(Dataset entries)
● ● ●

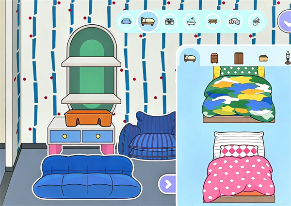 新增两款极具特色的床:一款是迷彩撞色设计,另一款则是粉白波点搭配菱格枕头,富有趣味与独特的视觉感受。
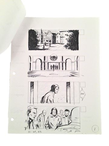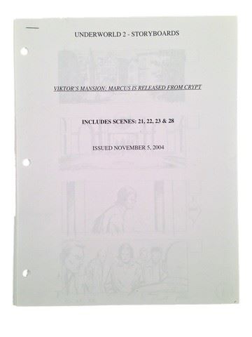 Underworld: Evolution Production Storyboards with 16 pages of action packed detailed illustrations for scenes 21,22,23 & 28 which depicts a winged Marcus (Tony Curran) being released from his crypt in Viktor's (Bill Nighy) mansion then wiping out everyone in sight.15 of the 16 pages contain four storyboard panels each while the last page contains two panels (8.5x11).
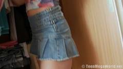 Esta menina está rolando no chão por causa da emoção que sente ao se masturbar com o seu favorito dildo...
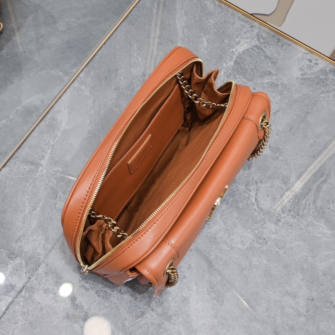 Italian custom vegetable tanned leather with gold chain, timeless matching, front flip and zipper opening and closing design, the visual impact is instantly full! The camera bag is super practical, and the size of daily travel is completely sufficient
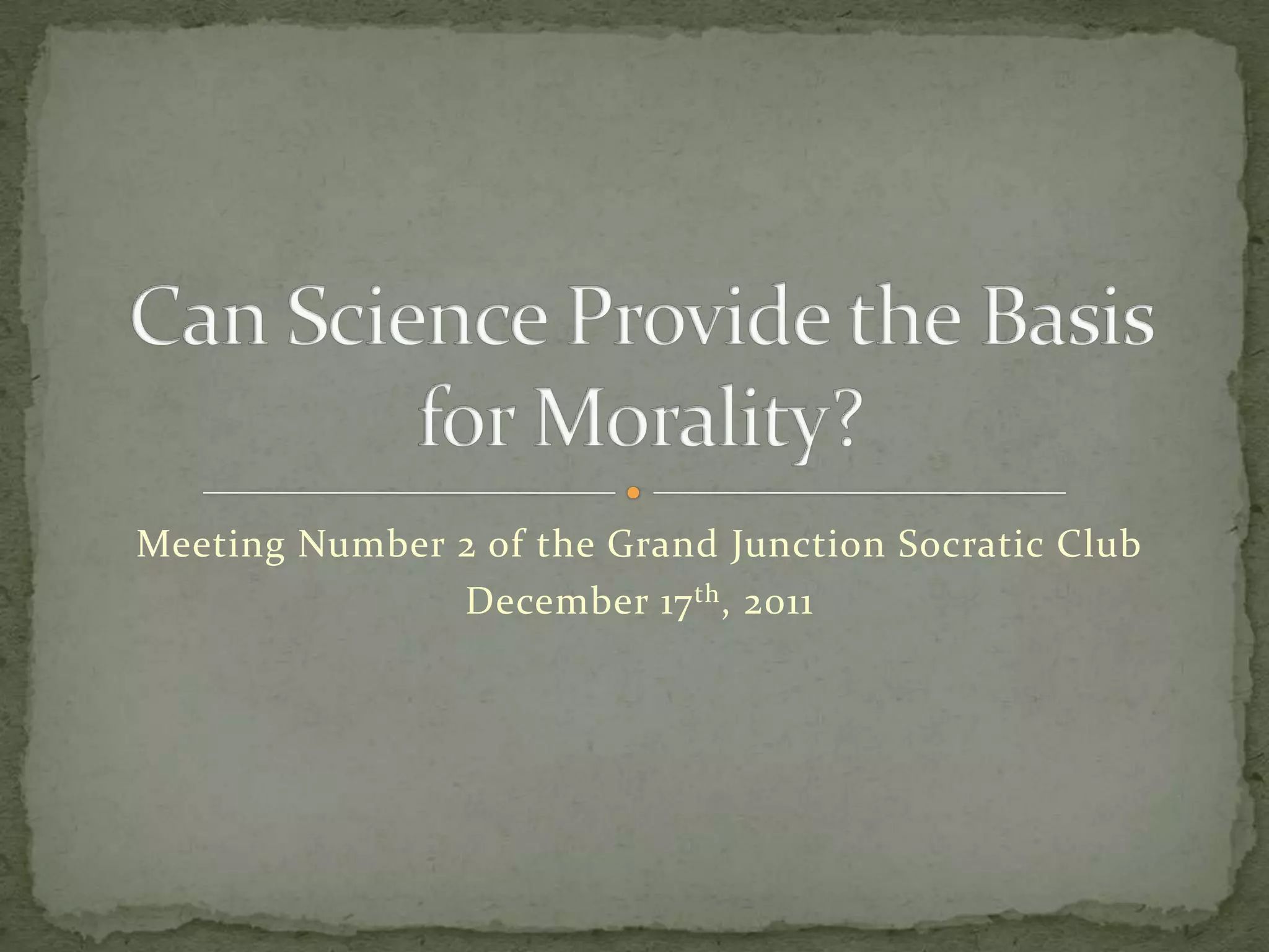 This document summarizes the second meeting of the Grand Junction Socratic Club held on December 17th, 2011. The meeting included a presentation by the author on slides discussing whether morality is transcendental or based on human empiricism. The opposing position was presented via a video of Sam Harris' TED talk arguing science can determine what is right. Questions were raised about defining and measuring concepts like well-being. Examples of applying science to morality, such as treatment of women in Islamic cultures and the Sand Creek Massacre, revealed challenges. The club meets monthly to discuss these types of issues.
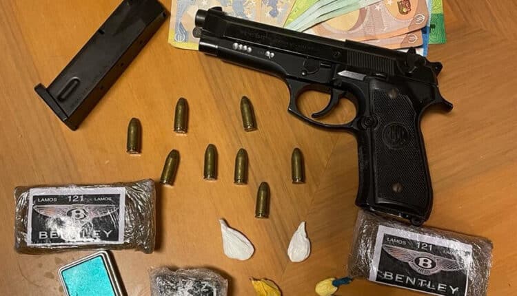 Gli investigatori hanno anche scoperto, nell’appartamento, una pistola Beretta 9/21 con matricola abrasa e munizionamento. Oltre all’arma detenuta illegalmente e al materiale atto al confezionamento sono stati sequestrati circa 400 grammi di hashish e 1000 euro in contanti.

● ● ●

_EXERCISE AIM_
In the entries above, find the line that contains "Italian custom vegetable", then repeat exactly every line from the first one through that line, with no pictures.

_SOLUTION TO THIS PROBLEM_
 新增两款极具特色的床:一款是迷彩撞色设计,另一款则是粉白波点搭配菱格枕头,富有趣味与独特的视觉感受。
 Underworld: Evolution Production Storyboards with 16 pages of action packed detailed illustrations for scenes 21,22,23 & 28 which depicts a winged Marcus (Tony Curran) being released from his crypt in Viktor's (Bill Nighy) mansion then wiping out everyone in sight.15 of the 16 pages contain four storyboard panels each while the last page contains two panels (8.5x11).
 Esta menina está rolando no chão por causa da emoção que sente ao se masturbar com o seu favorito dildo...
 Italian custom vegetable tanned leather with gold chain, timeless matching, front flip and zipper opening and closing design, the visual impact is instantly full! The camera bag is super practical, and the size of daily travel is completely sufficient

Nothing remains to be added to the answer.